Most cross border shoppers do not even qualify for the 24 hour exemption of $50.00 so they should play duty on any goods taken back across the border.

Yes, they do wear their new clothing in layers. We did it ourselves when we lived in Vancouver.

I do agree that this has nothing to do with buying passes for the National Parks.


----------



## jlwquilter (Jan 9, 2011)

Meow said:


> This discussion has gone off on a tangent.  *What started as a discusion on the morality of cheating National Parks *out of their rightful visitation fees, it has drifted to the subject of cross border shopping.  Incidently, since NAFTA, goods manufactured in either of the three countries pass duty free across our mutual borders.
> Also, there are no admission fees for our Provincial Parks.  this includes Peter Lougheed P.P., Elk Lakes P.P. and the rest of Kananaskis Country - just as spectacular as Banff, Yoho and Kootenay but without the trinket shops and the fast food outlets.



Well, that wasn't really the _topic_ of this thread. It became the focus of the thread, however, very quickly.

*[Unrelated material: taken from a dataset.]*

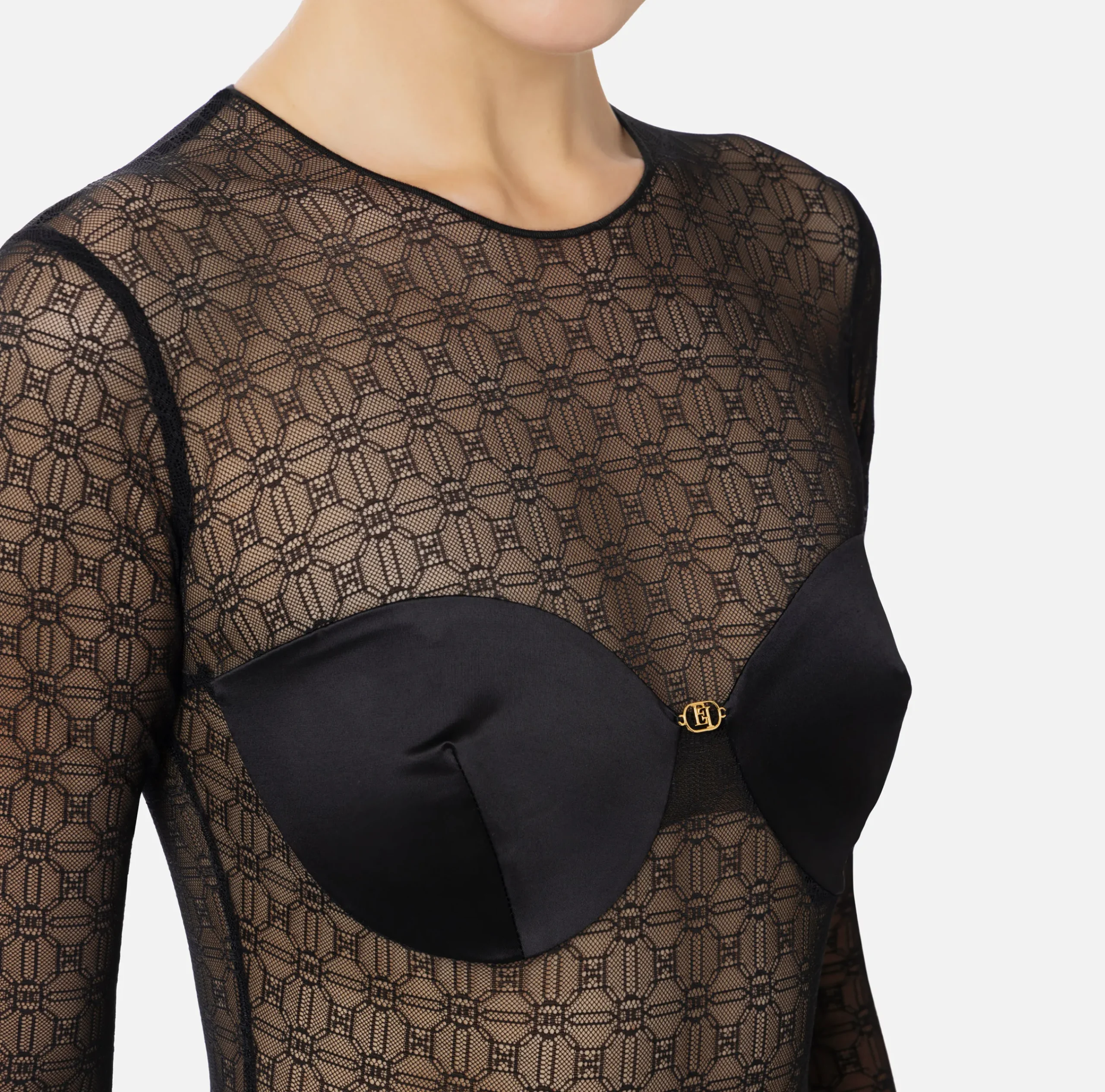 Body in tulle jacquard all-over a maniche lunghe con scollo a giro. È caratterizzato da coppe in lycra rifinite da una placca logo in metallo dorato.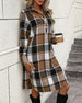 SPECIFIKATIONER Stil: Afslappet Materiale: 100% polyester Kjoletype: Shift-kjole Kjolelængde: Knælængde Halsudskæring: Revers Mønstertype: Ternet Ærmetype: Almindeligt ærme Ærmelængde: Langærmet Detaljer: Knapper Pasform: Almindelig Sæson/årstid: Forår, Efterår, Vinter Lejlighed: Daglig Pakken inkluderer: 1 x Kjole STØRRELSESTABEL (cm) St...

Regardless of what morality each of us practice on a day to day basis on every decision we make, I don't think any person should be acting as the morality police here. None of us are as lily white as we'd like strangers on the internet to believe us to be.


----------



## sfwilshire (Jan 9, 2011)

When we visited PEI last summer, several of the lodging establishments advertised that they provide Park Passes to renters. We stayed at one of them and they loaned us an annual pass, which we didn't even need because they weren't manning the ticket booths in June. Apparently that doesn't create a problem for them, so it must be an accepted practice.

Sheila


----------